In summary, the experiment engine will process each category of operations as follows:
- Pattern post-operations
- Pattern results operations
- Hough pre-operations
- Hough operation
- Hough post-operations
- Hough results operations
- Peak detection pre-operations
A description and an example of a potential operation is given for each category in the following table:
|1||Pattern||Post||Process the diffraction pattern after it being loaded||Selecting the region of interest|
|2||Pattern||Results||Compute results from the diffraction pattern||Quality index using the pixels average|
|3||Hough||Pre||Process the diffraction pattern before the Hough transform||Median|
|4||Hough||Operation||Perform the Hough transform||Hough transform with a resolution of 0.5 deg.|
|5||Hough||Post||Process the Hough transform||Truncate edges|
|6||Hough||Results||Compute results from the Hough transform||Quality index from the range of the Hough|
|7||Peak detection||Pre||Process the Hough transform prior to the peak detection||Butterfly convolution|
|8||Peak detection||Operation||Detect the peaks in the Hough transform||Top hat thresholding|
|9||Peak detection||Post||Process the detected peaks to remove unwanted peaks||Remove small peaks|
|10||Peak detection||Results||Compute results from the detected peaks||Quality index using the number of detected peaks|
|11||Peak positioning||Pre||Process detected peaks prior to their positioning||Keep only peaks of a certain shape|
|12||Peak positioning||Operation||Identify Hough peaks (position and intensity) from the detected peaks||Find the position using the local centroid of each peak|
|13||Peak positioning||Post||Process the identified Hough peaks|
|14||Peak positioning||Results||Compute results from the identified Hough peaks||Image quality index|
|15||Indexing||Pre||Process the Hough peaks before the indexing||Select most intense peaks|
|16||Indexing||Operation||Index the Hough peaks to potential solutions (phase and orientation)||Automated indexing from Krieger Lassen|
|17||Indexing||Post||Process the solutions to find the best one||Lowest misfit|
|18||Indexing||Results||Save orientation and phase of the solution||Euler angles|
Each category is defined by a distinct set of inputs and outputs.
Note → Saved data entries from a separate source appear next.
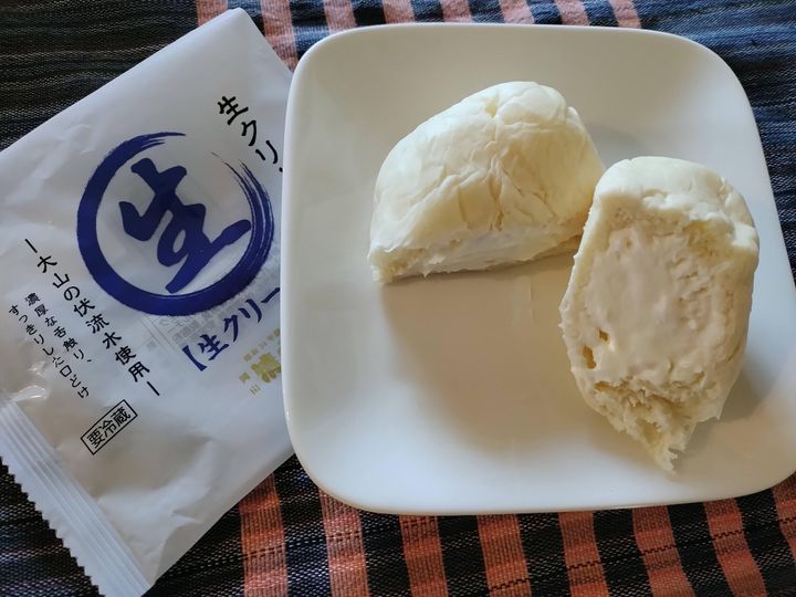 素材にとてもこだわっており、鳥取県の大山(だいせん)の伏流水を使用しているとのことです。やわらかくてしっとりした生地の生クリームパン。生地はしっとりしているだけでなく、ややもちっとしています。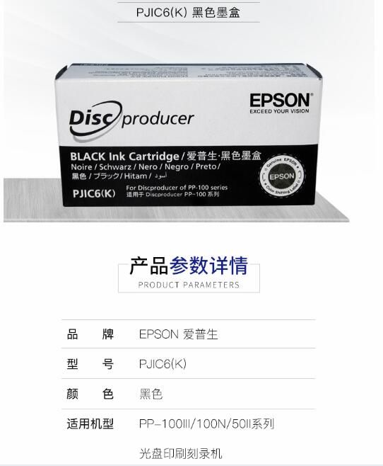 爱普生(EPSON)PJIC6(K)黑色墨盒适用于(PP-100III/100N/50II系列光盘印刷刻录机) 自营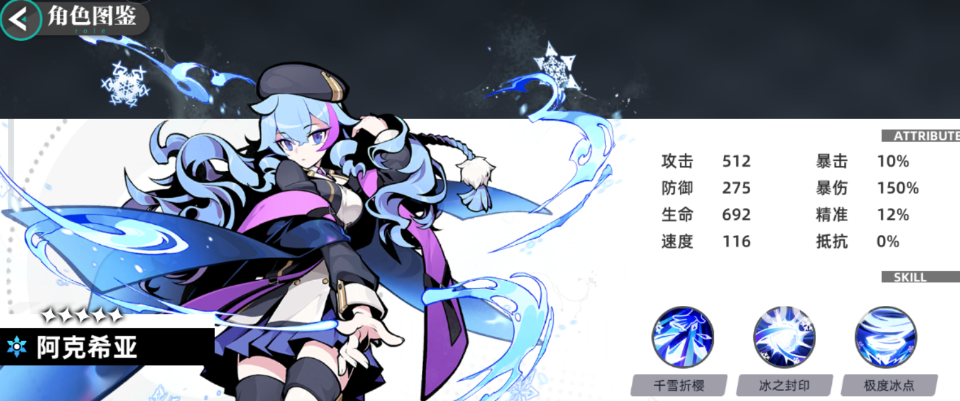 目前游戏内推出的冰系角色暂时只有一个,她就是赛尔学院的高年级生阿克西亚。一般情况下,高年级的学生在游戏内都是五星级角色,阿克西亚自然也不例外,她属于一个攻击实力超强的输出型角色。无论是在攻击效果还是技能辅助方面都拥有着强大的能力,可以帮助大家快速的进行输出,在众多角色中,她的实力强度绝对排得上前三名。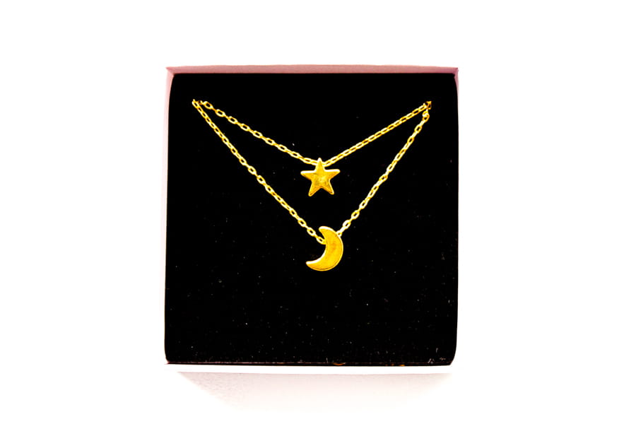 NASZYJNIK ZŁOTY PODWÓJNY ZAWIESZKI GWIAZDKA KSIĘŻYC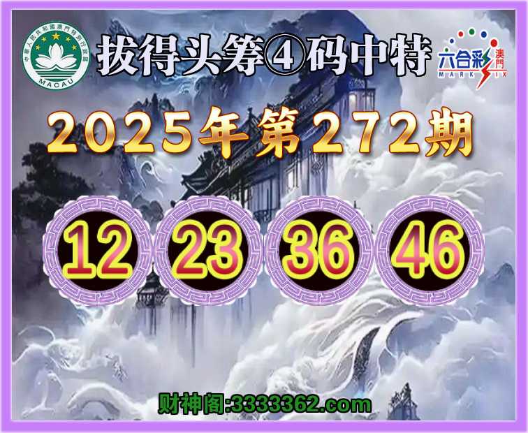 272期:《拔得头筹》 🎀④码中特🎀【12.23.36.46】开:36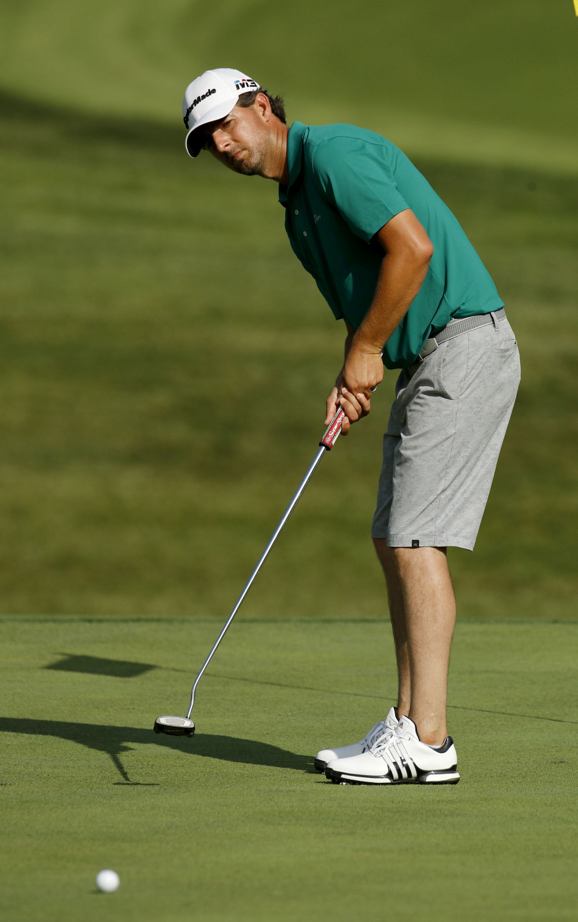 Zach J Johnson, and not to be confused with the double Major winning Zach Johnson, working on his putting this week at Bellerive

A summary of each category is given in the following table.
|2||Pattern||Results||ByteMap||array of byte or float|
|6||Hough||Results||HoughMap||array of byte or float|
|10||Peak detection||Results||BinMap||array of byte or float|
|12||Peak positioning||Operation||BinMap and HoughMap||array of Hough peak|
|13||Peak positioning||Post||array of Hough peak||array of Hough peak|
|14||Peak positioning||Results||array of Hough peak||array of byte or float|
|15||Indexing||Pre||array of Hough peak||array of Hough peak|
|16||Indexing||Operation||array of Hough peak||array of Solution|
|17||Indexing||Post||array of Solution||array of Solution|
|18||Indexing||Results||array of Solution||array of byte or float|
All the outputs of the experiment engine are saved in an EbsdMMap. In short, a multimap is a container of many maps, all sharing the same image dimensions. A new map is created for each result. For example, the image quality is saved in a RealMap and the orientation (given as a quaternion is saved as four RealMap, one for each coefficient of the quaternion. There is no limit or restriction on what type of results can be saved, as long as a result can be expressed as a number or a set of numbers.
The dimensions (width and height) of the result maps inside the EbsdMMap depends on the size of the mapping. If only one diffraction pattern is analyzed, the maps have a 1x1 dimension.
The operations used in the experiment and their parameters are saved in a human readable and editable XML file located in the working directory.